Question

For $x>0$, let $f\left(x\right)={\int }_1^x\frac{\log t}{1+t}dt$ . Then $f\left(x\right)+f\left(\frac{1}{x}\right)$ is equal to:

• A. $\frac{1}{4}(\log x{)}^2$
• B. $\frac{1}{2}(\log x{)}^2$
• C. $\log x$
• D. $\frac{1}{4}\log x^2$

Answer 1

Answer: (B)

$\frac{1}{2}(\log x{)}^2$

$f\left(x\right)={\int }_1^x\frac{\log t}{1+t}-\left(1\right)$

$Now$

$f\left(\frac{1}{x}\right)={\int }_1^{1/x}\frac{\log t}{1+t}$

$Lett=\frac{1}{y}\Rightarrow dt=\frac{-1}{y^2}dy$

$f\left(\frac{1}{x}\right)={\int }_1^x\frac{\log \frac{1}{y}}{1+\frac{1}{y}}\times -\frac{1}{y^2}dy$ (replacing $t$ with $\frac{1}{y}$ )

$as,t=\frac{1}{y}\Rightarrow \frac{1}{x}=\frac{1}{y}\Rightarrow x=y$ (upper limit)

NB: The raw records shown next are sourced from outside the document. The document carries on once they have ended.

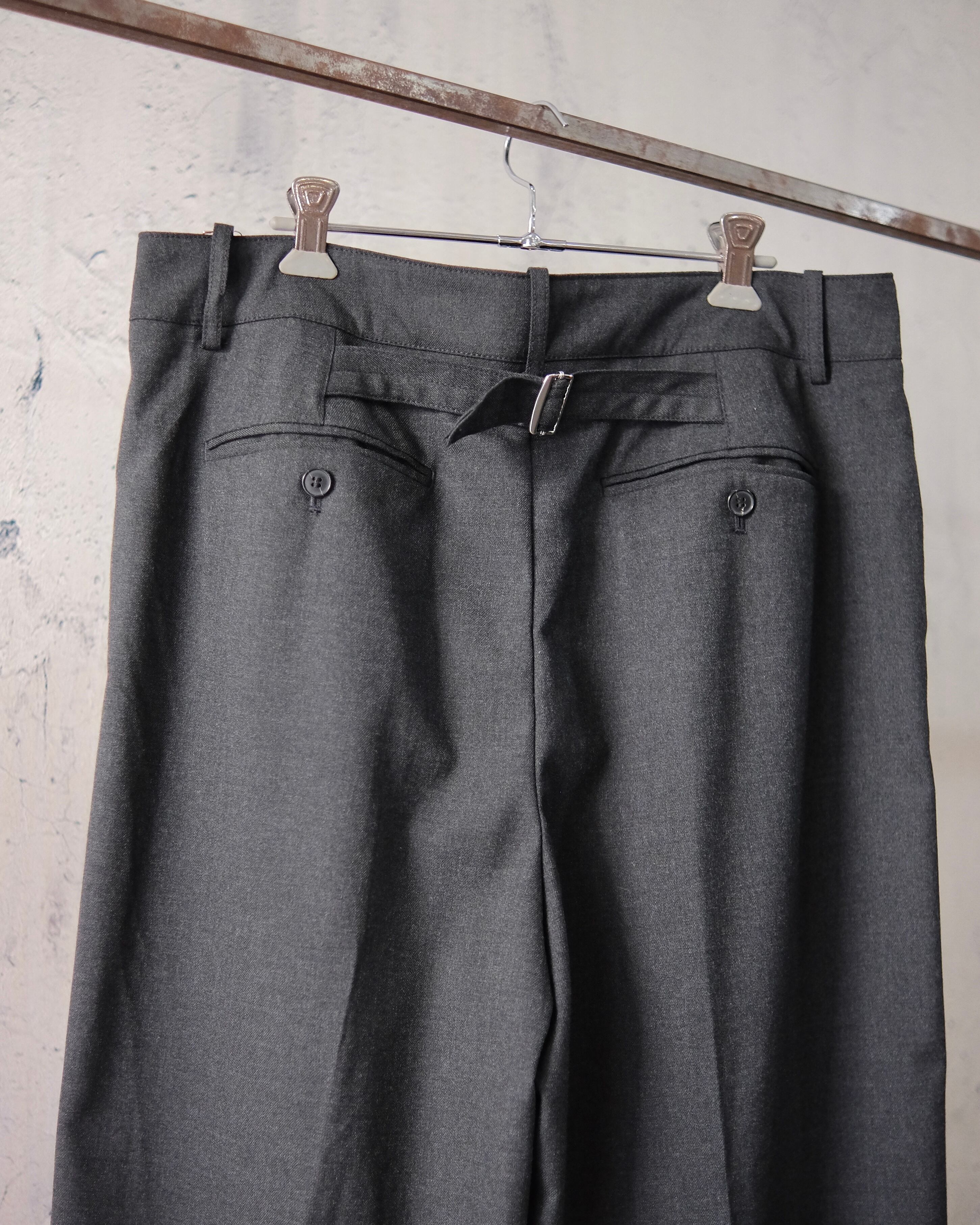 ワイドストレートパンツの未使用デッドストック品です。やや重めで柔らかな生地感にダークグレーのカラーリングが相まって、何とも言えないラグジュアリーな雰囲気が出ております。素材はポリエステル×レーヨンの混紡で、この風合いでありながら通年着用できるのが個人的にもかなり気に入っているポイントです。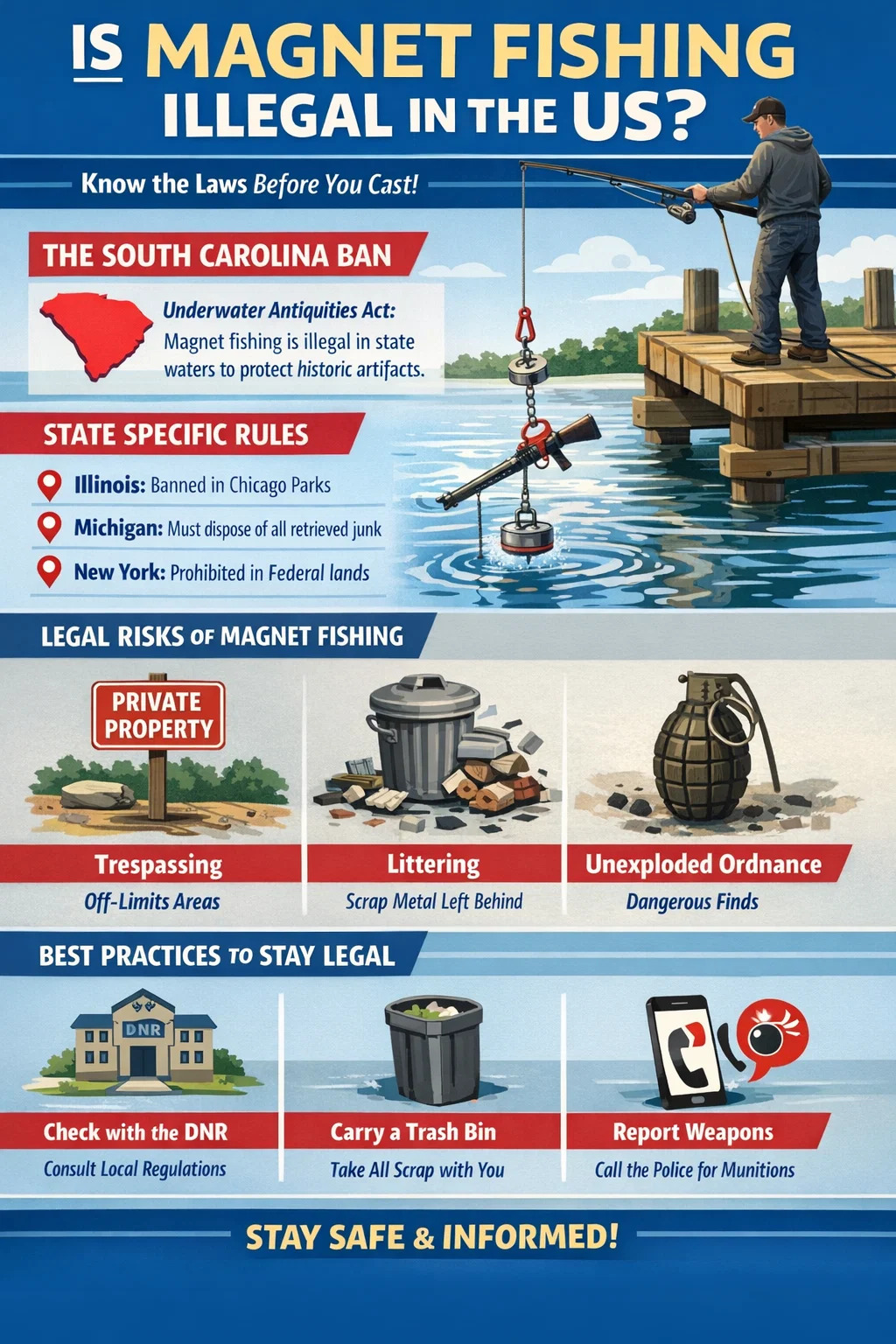 Южная Каролина — единственный штат с четким законом. Закон о подводных древностях — это делает незаконным тревожить затопленные артефакты. Потому что рыболовный магнит могут вытаскивать исторические предметы, такие как реликвии гражданской войны, государство классифицирует это как несанкционированное «спасение», для чего требуется специальная лицензия, которая редко предоставляется любителям.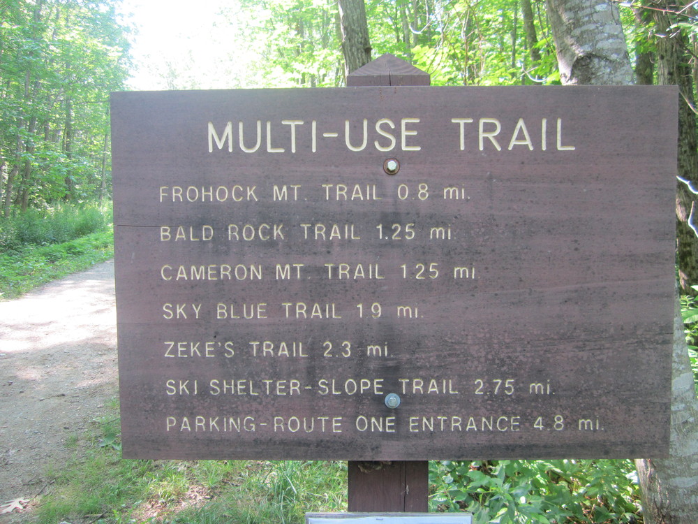 Cameron Mountain Trail (1.9 miles, moderate): Heading west from the Multi-use Trail at the intersection of Bald Rock Trail, this delightful trail, open to hiking, biking, horseback riding and snowmobiling, gradually ascends through old farmland and past blueberry fields. Cameron intersects with Zeke's Trail offering access to the interior of the park and back to the Multi-use Trail. Alternatively, hikers may utilize the Sky Blue Trail as a return route.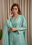 It is paired with a coordinated lawn trouser and a light, airy chiffon dupatta, finished with delicate lace on all four sides, completing the look with effortless elegance. Perfect for summer festivities, events, and graceful gatherings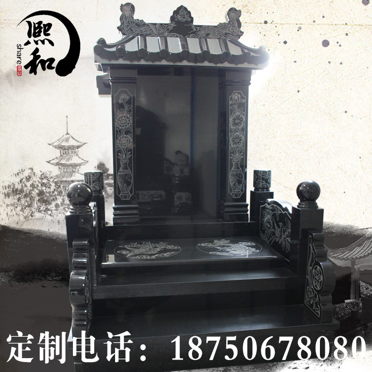 大 致高1.6,长1.1米,宽1.2米墓碑。瓦盖为屋檐造型,最上方雕刻的是龙凤戏珠。主碑板两侧方形柱子上边放置山西黑雕花圆柱。碑柱上雕刻的是精美图 案,栏板上方放置的是圆形石柱。整体造型设计非常和谐统一,整体美观度极佳。当然,这些碑型也是我们结合前人的智慧和客户对于传统文化寄托的需求,不 断的深化和优化得到的成果,希望以此给逝者最好的归宿。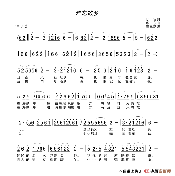难忘故乡(蔡东作曲版)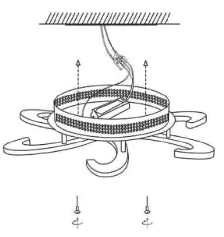 - The light chassis is fixed to the ceiling hanging plate, and then tightened with screws.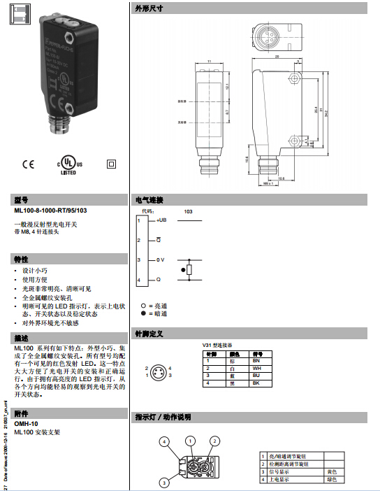 ML100-8-1000-RT/103/115,漫反射型傳感器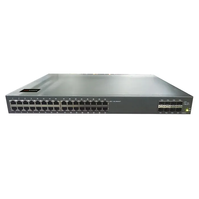 - **Puertos**: 32 puertos Ethernet 10/100/1000 Mbps y 8 puertos SFP+ para conexión de alta velocidad.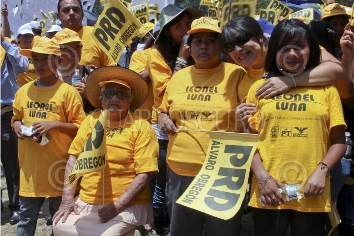 MÉXICO, D.F., 20MAYO2012.- Jesús Zambrano, dirigente nacional del PRD junto a Eduardo Santillan, candidato a diputado por el distrito XVIII; Miguel Ángel Mancera, candidato a la jefatura de gobierno; Marcelo Ebrard Casaubon, Jefe de gobierno capitalino y Leonel Luna, durante el inicio de Campaña de Luna como candidato a la jefatura delegacional en Alvaro Obregón. FOTO: ENRIQUE ORDÓÑEZ /CUARTOSCURO.COM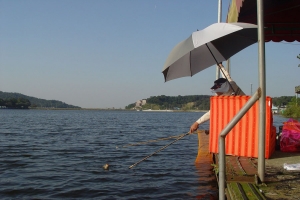 햇볕과 맞서가며 손맛을 보시는 중입니다. |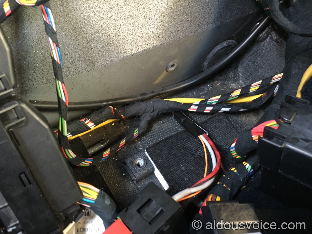 You can now route the wires leading up to the relay base under the front of the panel instead of from the side (left side, as you look at it). I chose to further protect the wires with a small length of duct tape on the section directly underneath the edge of the panel.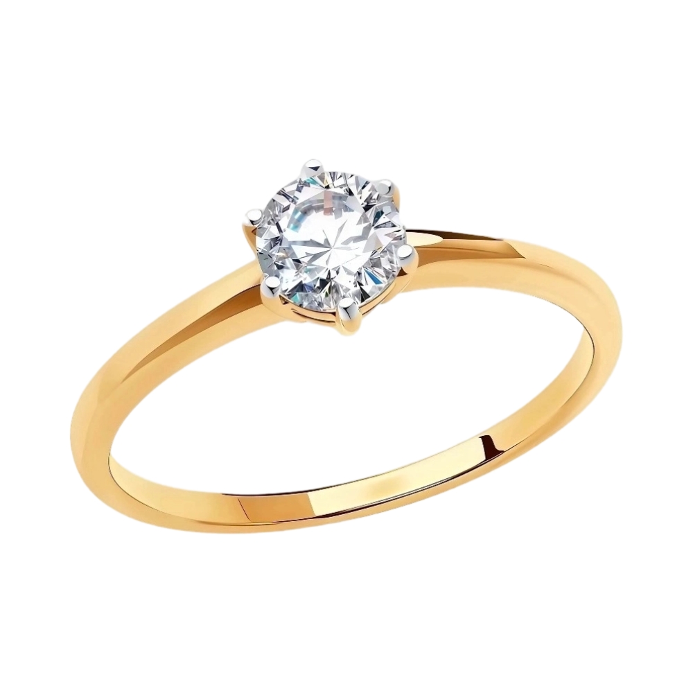Кольцо помолвочное из красного золота с фианитом
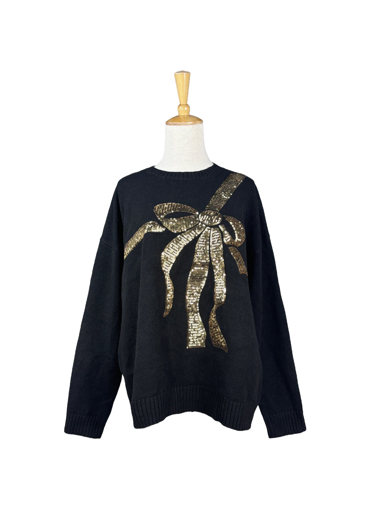 Elegant black knit with gold sequin bow detail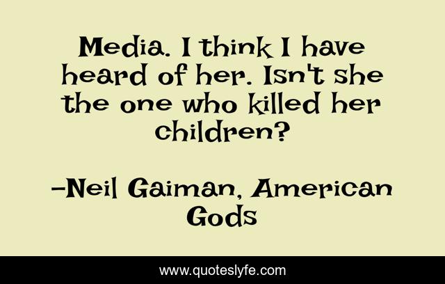 This page presents the quote "Media. I think I have heard of her. Isn't she the one who killed her children?". Author of this quote is Neil Gaiman, American Gods. This quote is about media, fame,.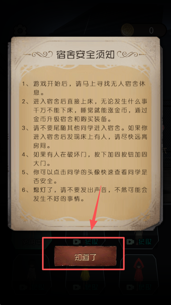 1、首先,阅读并点击“知道了”按钮,了解游戏规则和安全须知。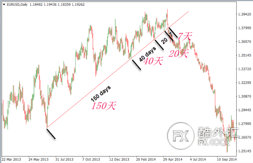 2.测量连续触及之间的时间 除了交易趋势线反弹外,你还可以考虑在下降趋势线之上和上升趋势线之下交易突破。在这些突破交易之后,通常会在突破方向上产生较大的交易动量,这也使其成为了日内交易员中流行的交易方法。 然而,在突破发生前,价格趋于围绕趋势线聚集,并且其连续触及的时间趋于变短。 下面的图表很好地解释了这一点: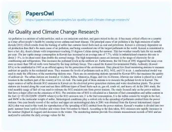 This essay delves into the intricate relationship between air quality and global climate change, emphasizing recent research findings, the pollutants most responsible for temperature variations, and the broader implications for human health and the environment. At PapersOwl, you’ll also come across free essay samples that pertain to Air Pollution topic.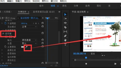 4、在超级键效果中,选择吸管工具吸取需要抠图的底色,就可以去除底色进行抠图。如果底色复杂的,可以利用钢笔工具进行抠图。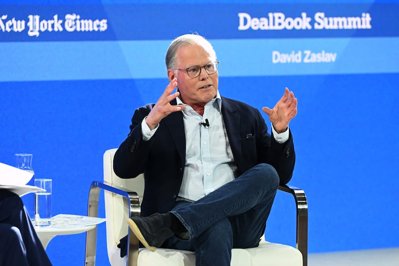 David Zaslav speaks onstage during The New York Times Dealbook Summit 2023 at Jazz at Lincoln Center on Nov. 29, 2023, in New York City. In Jan. 2023, he told reporters at Variety that the Batgirl movie wouldn't be launching on any platforms because it was “unreleasable.”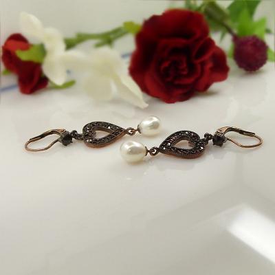 Each earring is set with 17 original Bohemian garnetsin a fine burgundy darkred color. One earring is 1.8 inch high and 0.6 inch wideholding a freshwater pearl 0.34 x 0.27 inch. The weight of one earring is 2.5 gramThey were made in Sterling Silver (925) with a rosegoldplating like it was usual in the old days. The size of the earrings can be seen on the last picture.where I added an inch ruler and a coin to compare with. Your jewel comes decorated in a beautiful black leatherette jewel box. Please keep in mind that earrings are TWO PIECES withDOUBLE QUANTITY OF STONES compared to a ring or pendant.All garnets are original Bohemian.

$={\int }_1^x\frac{-\log y}{1+y}\times y\times -\frac{1}{y^2}dy$

$={\int }_1^x\frac{\log y}{1+y}\times \frac{1}{y}dy$

$f\left(x\right)+f\left(\frac{1}{x}\right)={\int }_1^x\frac{\log t}{\left(1+t\right)}\left(1+\frac{1}{t}\right)dt$

$={\int }_1^x\frac{\log t}{\left(t+y\right)}\left(\frac{t+1}{t}\right)dt$

$={\int }_1^x\frac{\log t}{t}dt$

$putting\log t=z$

$\frac{1}{t}dt=dz$

${\int }_0^{\log x}zdz$...... $\left(upperlimitbecomeslogxsimilarly\right)$

$={{\left[\frac{z^2}{2}\right]}_0}^{\log x}=\frac{1}{2}{\left(\log x\right)}^2$